First Lady, Fashion Icon? Or Pretty in Plaid? Details in new non-fiction!
FICTION
Stone's Fall
By Iain Pears
An intricate yet panoramic historical novel with plenty of spy-versus-spy crime capers at its core, Stone’s Fall is Iain Pears in a return to form for the author of the impressive 1998 bestseller An Instance of the Fingerpost. In an erudite, witty, and always enjoyable delving into the world of international espionage, arms dealing, financial dalliances, and other double-dealings of the ever-deceitful, an ex-reporter attends the funeral of an elderly widow. A solicitor approaches him and hands him a packet of papers that were to be delivered to him only after the woman's death. Reading them takes him back to events never forgotten. In 1909, industrialist/arms seller John Stone fell to his death from the window of his study, leaving an inheritance to an unknown daughter. His widow asked the young reporter to find the daughter, setting him on a search that alters his life. Back through time the story goes — London 1909, Paris 1890, Venice 1867 — with surprising disclosures at every turn. The further you read, the more complex this essentially old-fashioned novel is until everything falls together in the final pages of the promising Stone's Fall.
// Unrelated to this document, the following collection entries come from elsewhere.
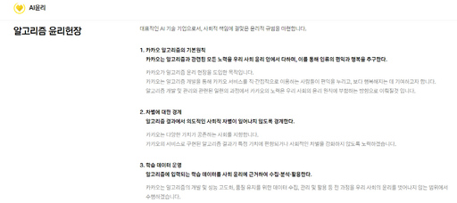 카카오는 2018년 알고리즘 윤리헌장 발표에 이어 2020년 카카오 알고리즘 윤리헌장을 개정했으며, 지난 1월 '카카오 인권경영선언문'을 제정하고 이를 구체화하기 위해 '증오발언 근전을 위한 원칙'을 발표하는 등 후속 작업에 나서고 있다. 특히, 사내에서 AI 개발 및 운영시 AI 윤리헌장을 제대로 적용할 수 있도록 직원 교육에 앞장서고 있다.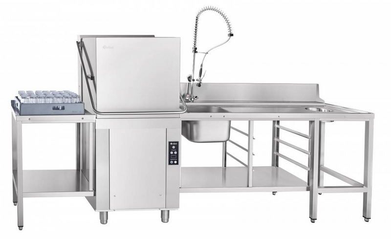 Корпус целиком выполнен из нержавеющей стали — материал выдерживает постоянный контакт с водой, моющими средствами и механические нагрузки в режиме непрерывной работы. Встроенная цельнотянутая моечная ванна размером 400 × 400 мм и глубиной 250 мм используется для первичного ополаскивания посуды и кухонного инвентаря перед загрузкой в машину. В комплект входит душирующее устройство. В рабочей зоне предусмотрено отверстие для сбора пищевых отходов. По бокам стола смонтированы направляющие под четыре кассеты стандартного формата 500 × 500 мм. Ножки регулируются по высоте — стол можно выровнять на неровном полу без прокладок.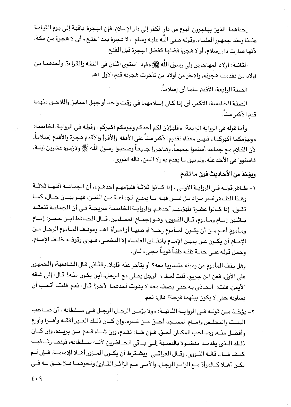 وأما قوله في الرواية الرابعة: "فليؤذن لكم أحدكم وليؤمكم أكبركم" وقوله في الرواية الخامسة: "وليؤمكما أكبركما" فليس معناه تقديم الأكبر سنًا على الأفقه والأقرأ والأقدم هجرة والأقدم إسلامًا، لأن الكلام مع جماعة أسلموا جميعًا، وهاجروا جميعًا وصحبوا رسول الله صلى الله عليه وسلم ولازموه عشرين ليلة، فاستووا في الأخذ عنه، ولم يبق ما يقدم به إلا السن، قاله النووي.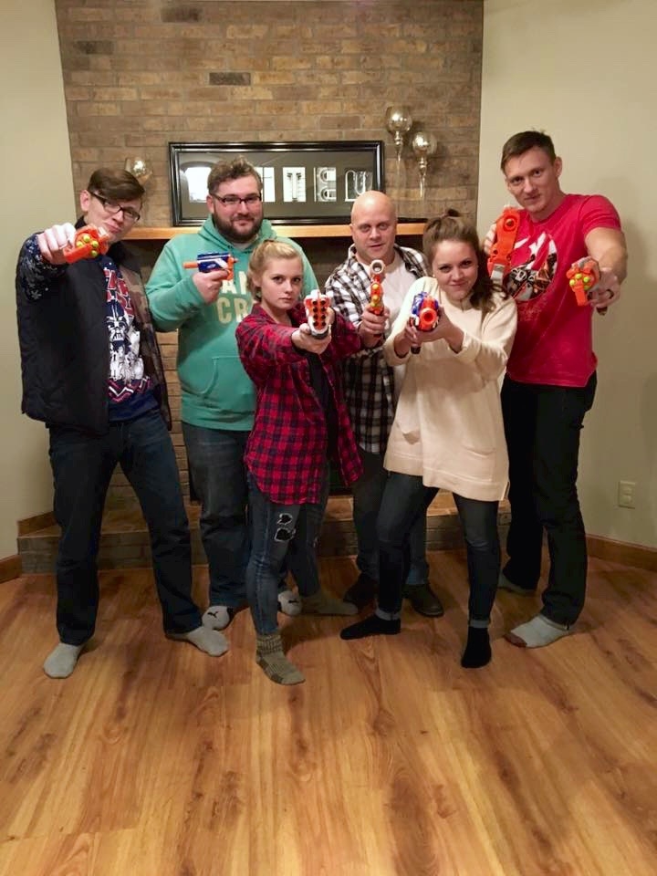 Mr. Cotten and his siblings have the tradition of buying each other Nerf guns for Christmas. A Nerf gun war proceeded to break out in our basement, which kept the baby awake until far later than Santa Claus had hoped.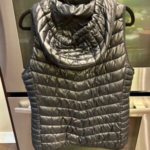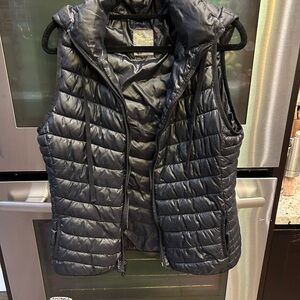 This sleek black puffer jacket features a quilted design and a high collar for added warmth. Its hip-length cut makes it perfect for layering during cooler weather. The attached hood provides extra protection against the elements.

The Wildwater Walking Club
By Claire Cook
Dark Places
By Gillian Flynn
Dead and Gone (Sookie Stackhouse / Southern Vampire Series #9)
By Charlaine Harris
The Selected Works of T.S. Spivet
By Reif Larsen
Pygmy
By Chuck Palahniuk
Brimstone (Virgil Cole and Everett Hitch Series #3)
By Robert B. Parker
The Legend of Sigurd and Gudrun
By J.R.R. Tolkien
NON-FICTION
Paul Newman: A Life
By Shawn Levy
Piercing blues eyes in incisive black and white: Film critic and pop culture historian Shawn Levy paints the Oscar-winning actor in Paul Newman: A Life in definitive detail as an accomplished superstar who achieved his status by playing charming renegades, has-been heroes, and endearing antiheroes in such venerated films as The Hustler, Cool Hand Luke, Butch Cassidy and the Sundance Kid, The Verdict, and Nobody’s Fool. But Newman was also a rarity in Hollywood: the box-office draw who cared about acting as a craft, the sexy leading man known for his long marriage, and the humble celebrity known for his philanthropy - not to mention his political causes, auto racing, and gourmet food business. Levy doesn’t neglect such Newman shortcomings as his drawbacks as a father and a husband. It wasn’t all blue skies, of course. But it was what makes up A Life.







Article comments
1 - Phillip Winn
New Palahniuk and new guilty pleasure Charlaine Harris in one week? Oh, my.